Exercise prompt: Find the line containing "수직 스트라이프 봄 셔츠" in the entries below. Restate it and each line after it, word for word, up to and including the line containing "ストレスのサインは、「身体」".

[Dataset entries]
Start of Block
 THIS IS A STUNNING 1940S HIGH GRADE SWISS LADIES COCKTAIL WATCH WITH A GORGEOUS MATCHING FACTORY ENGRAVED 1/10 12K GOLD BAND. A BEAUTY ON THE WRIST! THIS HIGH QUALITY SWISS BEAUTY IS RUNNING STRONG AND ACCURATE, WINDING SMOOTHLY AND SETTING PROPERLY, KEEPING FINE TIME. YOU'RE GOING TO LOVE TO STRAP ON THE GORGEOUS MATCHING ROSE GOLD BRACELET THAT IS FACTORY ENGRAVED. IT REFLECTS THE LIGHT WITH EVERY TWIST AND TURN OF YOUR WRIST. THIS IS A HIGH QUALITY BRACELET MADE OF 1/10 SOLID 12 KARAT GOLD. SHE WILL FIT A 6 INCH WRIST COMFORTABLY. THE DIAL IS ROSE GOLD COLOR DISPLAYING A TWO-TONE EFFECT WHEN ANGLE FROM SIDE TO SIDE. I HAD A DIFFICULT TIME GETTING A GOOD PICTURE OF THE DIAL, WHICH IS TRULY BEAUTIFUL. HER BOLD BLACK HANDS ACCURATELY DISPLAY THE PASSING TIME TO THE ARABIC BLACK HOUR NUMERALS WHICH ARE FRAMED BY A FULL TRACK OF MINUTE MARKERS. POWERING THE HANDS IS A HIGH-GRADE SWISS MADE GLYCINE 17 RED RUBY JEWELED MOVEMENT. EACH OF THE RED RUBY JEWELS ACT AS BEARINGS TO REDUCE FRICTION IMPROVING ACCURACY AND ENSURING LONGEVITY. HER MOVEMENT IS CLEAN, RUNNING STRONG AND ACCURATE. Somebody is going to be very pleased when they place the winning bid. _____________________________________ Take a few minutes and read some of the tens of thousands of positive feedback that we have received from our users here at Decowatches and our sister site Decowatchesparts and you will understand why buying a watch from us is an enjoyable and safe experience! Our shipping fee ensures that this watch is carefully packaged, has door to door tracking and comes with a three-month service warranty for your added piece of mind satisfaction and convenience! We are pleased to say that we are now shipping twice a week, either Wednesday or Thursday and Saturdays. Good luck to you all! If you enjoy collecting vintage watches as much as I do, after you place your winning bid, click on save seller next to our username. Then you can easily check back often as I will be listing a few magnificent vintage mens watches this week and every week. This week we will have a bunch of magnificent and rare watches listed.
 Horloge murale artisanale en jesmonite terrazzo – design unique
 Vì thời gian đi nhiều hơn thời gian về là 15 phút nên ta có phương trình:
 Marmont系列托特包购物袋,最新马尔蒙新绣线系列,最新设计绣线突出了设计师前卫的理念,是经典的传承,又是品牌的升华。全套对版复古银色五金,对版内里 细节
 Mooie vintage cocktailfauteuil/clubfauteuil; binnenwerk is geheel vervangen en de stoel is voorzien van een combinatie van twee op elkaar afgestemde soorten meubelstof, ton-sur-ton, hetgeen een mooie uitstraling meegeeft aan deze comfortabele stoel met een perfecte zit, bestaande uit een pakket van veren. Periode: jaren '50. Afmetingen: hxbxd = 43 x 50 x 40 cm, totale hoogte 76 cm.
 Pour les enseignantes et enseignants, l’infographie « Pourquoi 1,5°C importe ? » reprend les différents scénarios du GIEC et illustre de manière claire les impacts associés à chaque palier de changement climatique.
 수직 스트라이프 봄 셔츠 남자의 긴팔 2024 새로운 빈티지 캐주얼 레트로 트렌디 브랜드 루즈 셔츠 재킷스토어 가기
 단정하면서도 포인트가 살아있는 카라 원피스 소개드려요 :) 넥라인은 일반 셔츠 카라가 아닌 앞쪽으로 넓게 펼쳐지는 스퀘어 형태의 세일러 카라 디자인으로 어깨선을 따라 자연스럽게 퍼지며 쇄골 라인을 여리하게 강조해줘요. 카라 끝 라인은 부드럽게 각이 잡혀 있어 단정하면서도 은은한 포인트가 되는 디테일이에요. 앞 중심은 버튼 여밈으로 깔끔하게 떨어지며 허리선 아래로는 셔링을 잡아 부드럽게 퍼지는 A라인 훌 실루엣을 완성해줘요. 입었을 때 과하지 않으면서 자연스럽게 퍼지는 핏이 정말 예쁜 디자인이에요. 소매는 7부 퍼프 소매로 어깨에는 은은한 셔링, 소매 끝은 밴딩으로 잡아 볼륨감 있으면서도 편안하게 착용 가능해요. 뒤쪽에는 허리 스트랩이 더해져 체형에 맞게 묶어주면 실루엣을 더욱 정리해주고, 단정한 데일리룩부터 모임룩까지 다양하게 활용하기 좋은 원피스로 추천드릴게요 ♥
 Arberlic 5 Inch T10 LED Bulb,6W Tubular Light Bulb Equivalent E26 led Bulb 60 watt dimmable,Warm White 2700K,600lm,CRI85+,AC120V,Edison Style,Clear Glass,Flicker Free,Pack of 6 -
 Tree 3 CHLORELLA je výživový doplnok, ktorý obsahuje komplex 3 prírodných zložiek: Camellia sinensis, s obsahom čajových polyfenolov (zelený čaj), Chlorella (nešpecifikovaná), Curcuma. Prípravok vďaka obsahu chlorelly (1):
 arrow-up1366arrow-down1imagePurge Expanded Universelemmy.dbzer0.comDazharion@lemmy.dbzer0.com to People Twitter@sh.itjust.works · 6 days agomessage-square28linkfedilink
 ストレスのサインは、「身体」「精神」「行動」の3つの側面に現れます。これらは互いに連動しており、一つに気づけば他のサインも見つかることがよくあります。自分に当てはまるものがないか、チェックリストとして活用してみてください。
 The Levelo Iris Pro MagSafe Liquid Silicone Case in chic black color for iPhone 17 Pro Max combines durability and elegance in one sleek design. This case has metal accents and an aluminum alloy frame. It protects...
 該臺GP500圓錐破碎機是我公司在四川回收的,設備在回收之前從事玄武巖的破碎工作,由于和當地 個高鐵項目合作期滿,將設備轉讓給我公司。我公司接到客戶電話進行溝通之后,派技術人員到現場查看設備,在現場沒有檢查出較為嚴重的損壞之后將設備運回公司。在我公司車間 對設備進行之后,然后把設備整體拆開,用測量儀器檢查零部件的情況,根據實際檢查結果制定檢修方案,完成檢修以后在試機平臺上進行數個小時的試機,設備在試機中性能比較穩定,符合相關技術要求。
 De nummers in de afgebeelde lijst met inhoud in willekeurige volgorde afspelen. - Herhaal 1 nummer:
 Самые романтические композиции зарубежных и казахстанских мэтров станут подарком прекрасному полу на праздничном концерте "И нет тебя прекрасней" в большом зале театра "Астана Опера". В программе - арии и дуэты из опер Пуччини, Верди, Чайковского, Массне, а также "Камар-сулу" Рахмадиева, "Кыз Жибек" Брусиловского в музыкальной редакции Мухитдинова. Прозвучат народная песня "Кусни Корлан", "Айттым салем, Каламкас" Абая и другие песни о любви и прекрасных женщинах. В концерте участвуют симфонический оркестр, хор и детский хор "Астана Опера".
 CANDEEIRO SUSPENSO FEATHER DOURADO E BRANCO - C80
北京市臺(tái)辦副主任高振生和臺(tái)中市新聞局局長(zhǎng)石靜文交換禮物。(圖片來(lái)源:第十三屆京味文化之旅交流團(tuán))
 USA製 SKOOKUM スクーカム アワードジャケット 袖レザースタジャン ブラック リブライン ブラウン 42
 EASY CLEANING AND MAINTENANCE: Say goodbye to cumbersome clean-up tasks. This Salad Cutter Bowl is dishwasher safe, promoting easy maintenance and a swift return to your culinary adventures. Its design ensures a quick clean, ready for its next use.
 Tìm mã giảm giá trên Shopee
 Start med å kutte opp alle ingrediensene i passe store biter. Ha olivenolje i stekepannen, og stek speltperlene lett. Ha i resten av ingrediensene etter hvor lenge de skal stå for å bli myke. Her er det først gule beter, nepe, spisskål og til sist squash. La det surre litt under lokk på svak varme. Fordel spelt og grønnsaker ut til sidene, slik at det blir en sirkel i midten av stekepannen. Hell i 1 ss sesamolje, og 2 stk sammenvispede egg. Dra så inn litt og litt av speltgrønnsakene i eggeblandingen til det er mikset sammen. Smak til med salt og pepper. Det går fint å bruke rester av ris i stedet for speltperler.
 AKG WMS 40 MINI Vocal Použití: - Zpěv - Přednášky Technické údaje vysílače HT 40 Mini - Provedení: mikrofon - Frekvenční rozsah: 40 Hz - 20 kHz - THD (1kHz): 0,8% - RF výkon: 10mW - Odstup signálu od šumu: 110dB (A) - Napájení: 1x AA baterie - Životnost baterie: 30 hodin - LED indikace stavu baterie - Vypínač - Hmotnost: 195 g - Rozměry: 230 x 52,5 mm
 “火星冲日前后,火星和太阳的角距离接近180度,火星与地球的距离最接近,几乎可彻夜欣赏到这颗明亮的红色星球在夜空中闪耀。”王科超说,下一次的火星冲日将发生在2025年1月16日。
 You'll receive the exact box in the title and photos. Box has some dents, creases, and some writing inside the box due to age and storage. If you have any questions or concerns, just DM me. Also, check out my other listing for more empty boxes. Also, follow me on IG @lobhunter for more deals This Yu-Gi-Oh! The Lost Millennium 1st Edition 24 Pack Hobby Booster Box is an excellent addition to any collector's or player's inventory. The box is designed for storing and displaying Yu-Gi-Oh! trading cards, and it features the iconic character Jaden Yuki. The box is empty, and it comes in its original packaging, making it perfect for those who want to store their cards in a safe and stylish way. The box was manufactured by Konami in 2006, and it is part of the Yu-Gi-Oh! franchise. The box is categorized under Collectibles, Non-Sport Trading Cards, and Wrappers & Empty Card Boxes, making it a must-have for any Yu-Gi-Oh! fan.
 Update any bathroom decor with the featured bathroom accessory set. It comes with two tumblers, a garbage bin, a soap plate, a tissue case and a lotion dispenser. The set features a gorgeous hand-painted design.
End of Block
Reply:
 수직 스트라이프 봄 셔츠 남자의 긴팔 2024 새로운 빈티지 캐주얼 레트로 트렌디 브랜드 루즈 셔츠 재킷스토어 가기
 단정하면서도 포인트가 살아있는 카라 원피스 소개드려요 :) 넥라인은 일반 셔츠 카라가 아닌 앞쪽으로 넓게 펼쳐지는 스퀘어 형태의 세일러 카라 디자인으로 어깨선을 따라 자연스럽게 퍼지며 쇄골 라인을 여리하게 강조해줘요. 카라 끝 라인은 부드럽게 각이 잡혀 있어 단정하면서도 은은한 포인트가 되는 디테일이에요. 앞 중심은 버튼 여밈으로 깔끔하게 떨어지며 허리선 아래로는 셔링을 잡아 부드럽게 퍼지는 A라인 훌 실루엣을 완성해줘요. 입었을 때 과하지 않으면서 자연스럽게 퍼지는 핏이 정말 예쁜 디자인이에요. 소매는 7부 퍼프 소매로 어깨에는 은은한 셔링, 소매 끝은 밴딩으로 잡아 볼륨감 있으면서도 편안하게 착용 가능해요. 뒤쪽에는 허리 스트랩이 더해져 체형에 맞게 묶어주면 실루엣을 더욱 정리해주고, 단정한 데일리룩부터 모임룩까지 다양하게 활용하기 좋은 원피스로 추천드릴게요 ♥
 Arberlic 5 Inch T10 LED Bulb,6W Tubular Light Bulb Equivalent E26 led Bulb 60 watt dimmable,Warm White 2700K,600lm,CRI85+,AC120V,Edison Style,Clear Glass,Flicker Free,Pack of 6 -
 Tree 3 CHLORELLA je výživový doplnok, ktorý obsahuje komplex 3 prírodných zložiek: Camellia sinensis, s obsahom čajových polyfenolov (zelený čaj), Chlorella (nešpecifikovaná), Curcuma. Prípravok vďaka obsahu chlorelly (1):
 arrow-up1366arrow-down1imagePurge Expanded Universelemmy.dbzer0.comDazharion@lemmy.dbzer0.com to People Twitter@sh.itjust.works · 6 days agomessage-square28linkfedilink
 ストレスのサインは、「身体」「精神」「行動」の3つの側面に現れます。これらは互いに連動しており、一つに気づけば他のサインも見つかることがよくあります。自分に当てはまるものがないか、チェックリストとして活用してみてください。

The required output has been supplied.